ジェンダー研究について研究者から直接お話を聞けたことも非常に有意義であった。フィリピン女性に教わりながら参加者みなでダンスをする場面もあり、土曜の午後の楽しい時間ともなった。
先生のお話の中で、ジェンダー研究は1980~90年代にかけてのジェンダー・フェミニズムの華やかな発展を経て、バックラッシュと男女共同参画の並行で複雑な状況を迎えているとあった。また、ジェンダー研究混迷の要因として、若い世代の保守化、女性の非正規雇用の割合が高い実態とは裏腹に、非正規雇用の男性と一部の正規雇用で生活が安定した女性を比較して、「男性の方がつらい」という言説があることが挙げられていた。
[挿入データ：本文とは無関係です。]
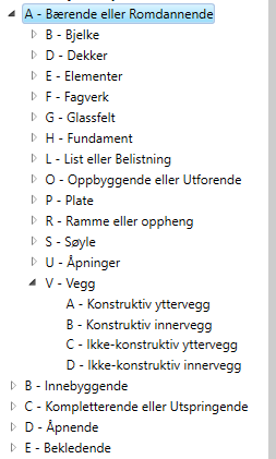 Noen prosjekter velger å strukturere artikkelgruppene likt som typekoden i NS 3457-8:2021. Fult artikkelgruppe navn brukes videre til TFM-type klassifisering. Se Eksempel på artikkelstruktur:
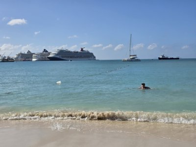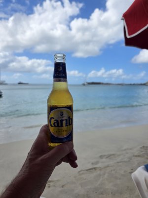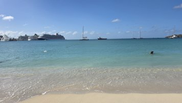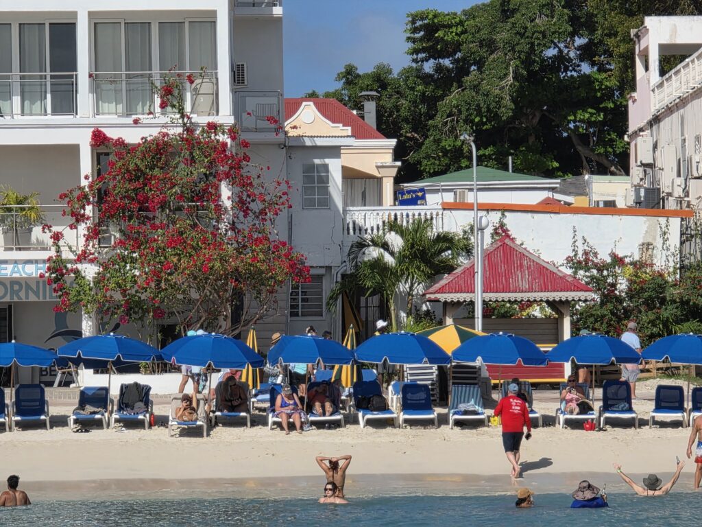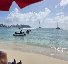 We had been to St Marten in December and found if we took a bus to Phillipsburg we could rent chairs, umbrella and get a six-pack of beer for $25 for a relaxing day.

その上で、今後のジェンダー研究と関連して、「女性」の一枚岩視の限界や新たなアプローチが必要であると述べられていた。
女性にとって不利な社会である現状を、単に女性の問題として片付けてしまうのではなく、性別を問わず人間として生きることができる社会を構築する必要性や、その前提としてジェンダー研究が果たす役割の重要性を感じた。